[DATA SUPPLIED]
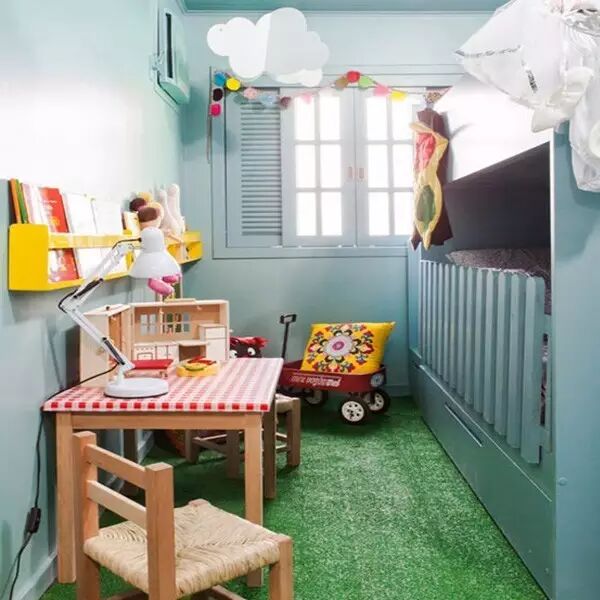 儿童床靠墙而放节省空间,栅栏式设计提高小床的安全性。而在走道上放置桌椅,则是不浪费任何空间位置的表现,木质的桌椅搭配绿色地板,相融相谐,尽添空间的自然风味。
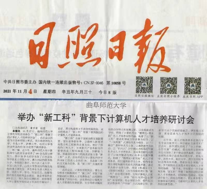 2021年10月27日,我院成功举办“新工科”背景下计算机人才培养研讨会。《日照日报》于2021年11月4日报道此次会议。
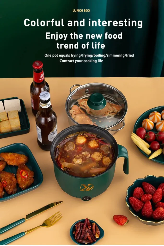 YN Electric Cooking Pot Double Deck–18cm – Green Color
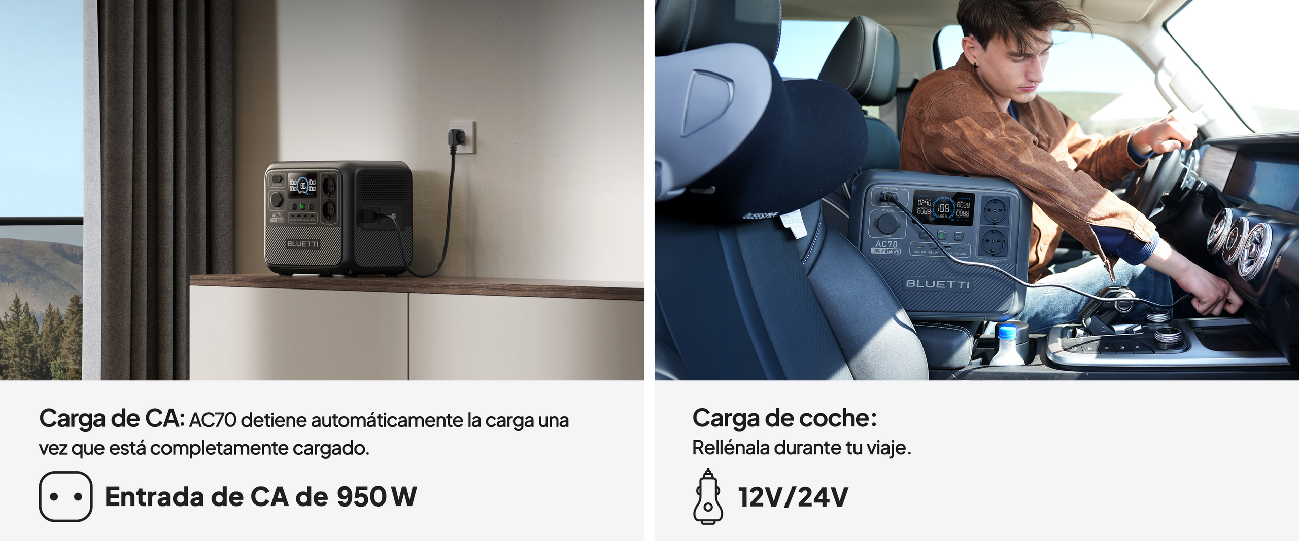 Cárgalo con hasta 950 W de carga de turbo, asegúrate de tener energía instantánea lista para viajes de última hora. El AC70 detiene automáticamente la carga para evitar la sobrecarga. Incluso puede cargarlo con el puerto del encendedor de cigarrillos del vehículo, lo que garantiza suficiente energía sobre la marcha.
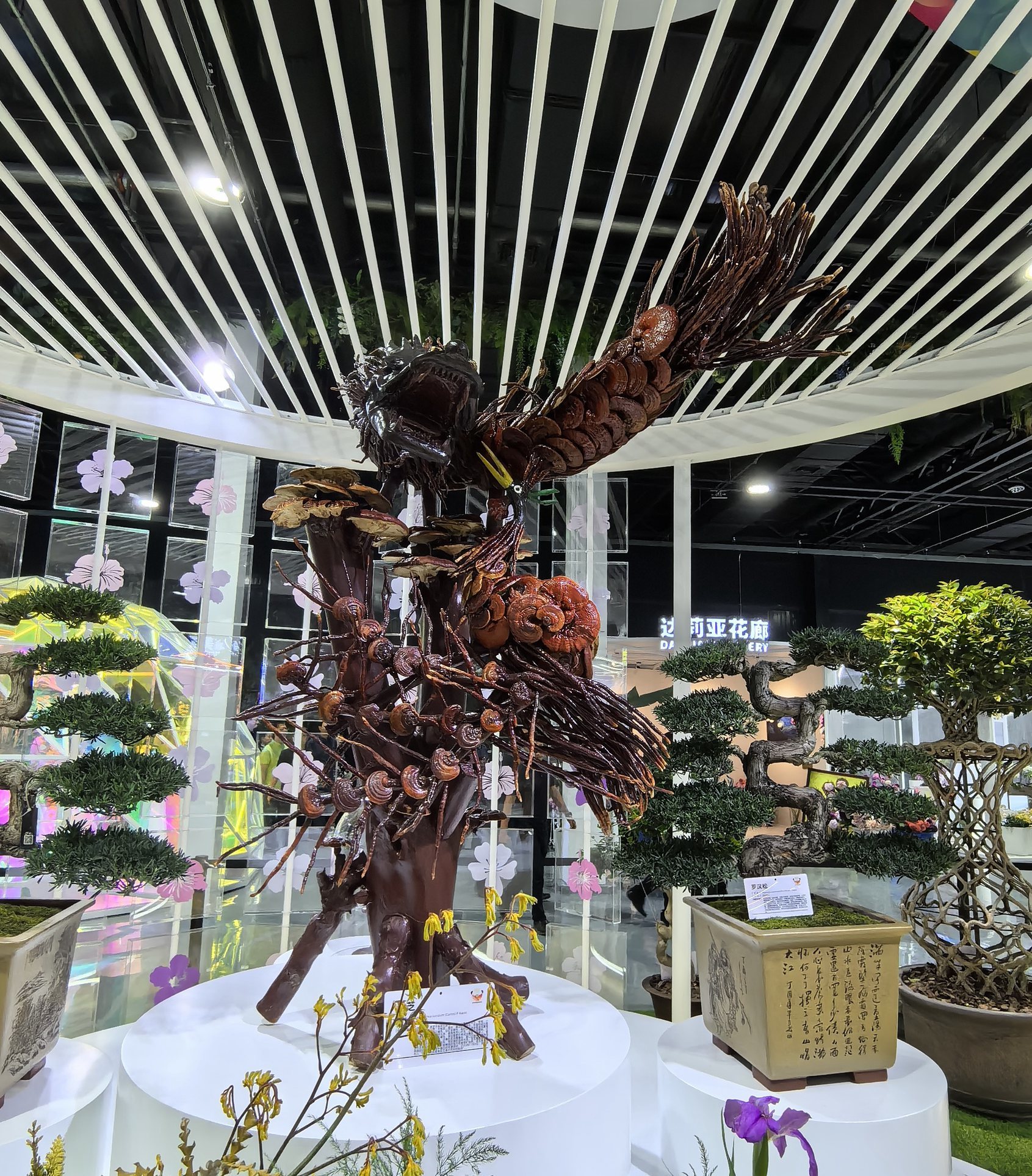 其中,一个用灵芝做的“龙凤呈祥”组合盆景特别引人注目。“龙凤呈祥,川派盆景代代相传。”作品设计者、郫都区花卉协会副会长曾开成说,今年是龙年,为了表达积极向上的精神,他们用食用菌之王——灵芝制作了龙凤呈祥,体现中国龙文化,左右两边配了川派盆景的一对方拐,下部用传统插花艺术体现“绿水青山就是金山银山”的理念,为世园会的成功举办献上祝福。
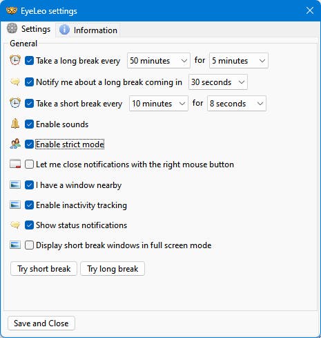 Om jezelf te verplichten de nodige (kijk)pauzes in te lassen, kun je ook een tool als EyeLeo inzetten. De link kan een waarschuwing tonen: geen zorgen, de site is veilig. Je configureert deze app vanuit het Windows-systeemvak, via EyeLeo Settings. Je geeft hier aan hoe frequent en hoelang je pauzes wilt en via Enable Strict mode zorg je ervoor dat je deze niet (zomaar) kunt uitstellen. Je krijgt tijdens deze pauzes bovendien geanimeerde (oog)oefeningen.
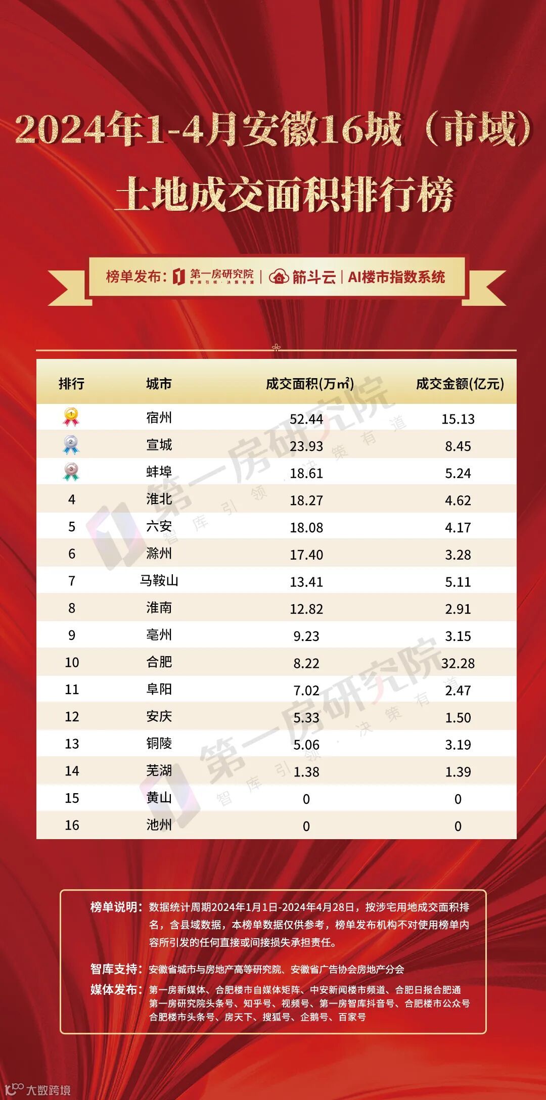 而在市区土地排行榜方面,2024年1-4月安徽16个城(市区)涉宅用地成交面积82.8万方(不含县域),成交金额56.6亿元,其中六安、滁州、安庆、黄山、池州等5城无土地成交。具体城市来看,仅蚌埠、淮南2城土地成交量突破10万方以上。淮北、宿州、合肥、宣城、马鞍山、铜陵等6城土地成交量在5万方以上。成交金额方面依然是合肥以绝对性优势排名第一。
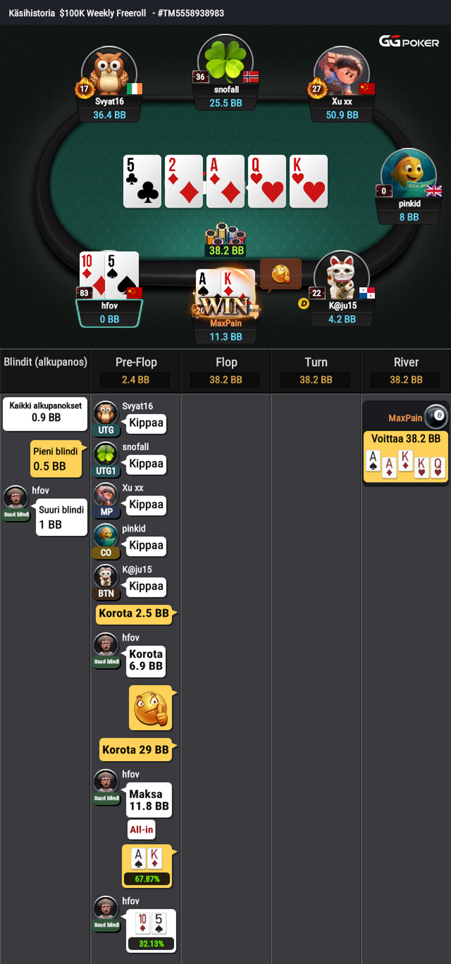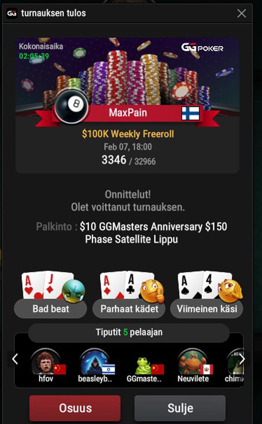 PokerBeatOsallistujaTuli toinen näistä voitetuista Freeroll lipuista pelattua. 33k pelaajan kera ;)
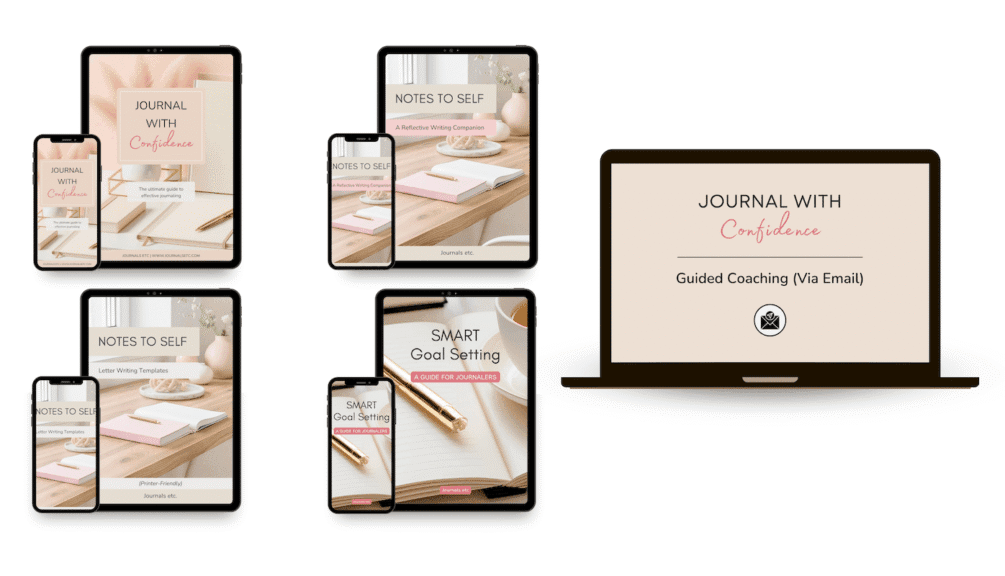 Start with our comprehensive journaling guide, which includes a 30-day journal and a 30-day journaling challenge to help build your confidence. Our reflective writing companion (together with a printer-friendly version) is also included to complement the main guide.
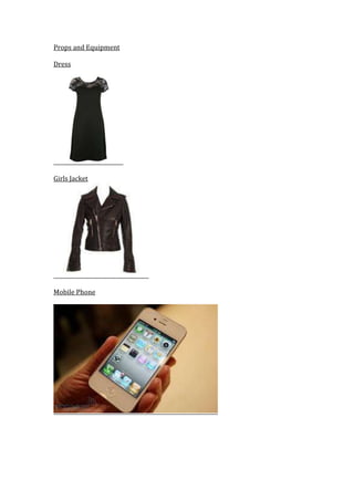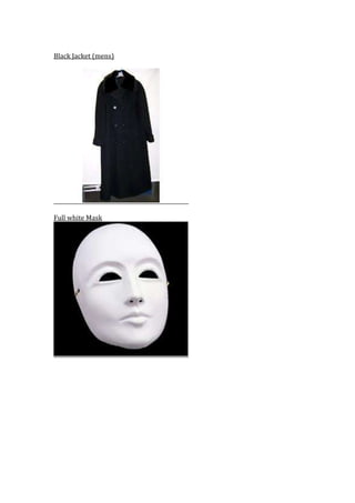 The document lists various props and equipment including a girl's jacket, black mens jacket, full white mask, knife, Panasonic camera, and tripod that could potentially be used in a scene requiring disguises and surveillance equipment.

[REQUIRED WORK]
Print each of the records above exactly as written, leaving no picture in the copy.

[SOLUTION FOR THIS EXERCISE]
 儿童床靠墙而放节省空间,栅栏式设计提高小床的安全性。而在走道上放置桌椅,则是不浪费任何空间位置的表现,木质的桌椅搭配绿色地板,相融相谐,尽添空间的自然风味。
 2021年10月27日,我院成功举办“新工科”背景下计算机人才培养研讨会。《日照日报》于2021年11月4日报道此次会议。
 YN Electric Cooking Pot Double Deck–18cm – Green Color
 Cárgalo con hasta 950 W de carga de turbo, asegúrate de tener energía instantánea lista para viajes de última hora. El AC70 detiene automáticamente la carga para evitar la sobrecarga. Incluso puede cargarlo con el puerto del encendedor de cigarrillos del vehículo, lo que garantiza suficiente energía sobre la marcha.
 其中,一个用灵芝做的“龙凤呈祥”组合盆景特别引人注目。“龙凤呈祥,川派盆景代代相传。”作品设计者、郫都区花卉协会副会长曾开成说,今年是龙年,为了表达积极向上的精神,他们用食用菌之王——灵芝制作了龙凤呈祥,体现中国龙文化,左右两边配了川派盆景的一对方拐,下部用传统插花艺术体现“绿水青山就是金山银山”的理念,为世园会的成功举办献上祝福。
 Om jezelf te verplichten de nodige (kijk)pauzes in te lassen, kun je ook een tool als EyeLeo inzetten. De link kan een waarschuwing tonen: geen zorgen, de site is veilig. Je configureert deze app vanuit het Windows-systeemvak, via EyeLeo Settings. Je geeft hier aan hoe frequent en hoelang je pauzes wilt en via Enable Strict mode zorg je ervoor dat je deze niet (zomaar) kunt uitstellen. Je krijgt tijdens deze pauzes bovendien geanimeerde (oog)oefeningen.
 而在市区土地排行榜方面,2024年1-4月安徽16个城(市区)涉宅用地成交面积82.8万方(不含县域),成交金额56.6亿元,其中六安、滁州、安庆、黄山、池州等5城无土地成交。具体城市来看,仅蚌埠、淮南2城土地成交量突破10万方以上。淮北、宿州、合肥、宣城、马鞍山、铜陵等6城土地成交量在5万方以上。成交金额方面依然是合肥以绝对性优势排名第一。
 PokerBeatOsallistujaTuli toinen näistä voitetuista Freeroll lipuista pelattua. 33k pelaajan kera ;)
 Start with our comprehensive journaling guide, which includes a 30-day journal and a 30-day journaling challenge to help build your confidence. Our reflective writing companion (together with a printer-friendly version) is also included to complement the main guide.
 The document lists various props and equipment including a girl's jacket, black mens jacket, full white mask, knife, Panasonic camera, and tripod that could potentially be used in a scene requiring disguises and surveillance equipment.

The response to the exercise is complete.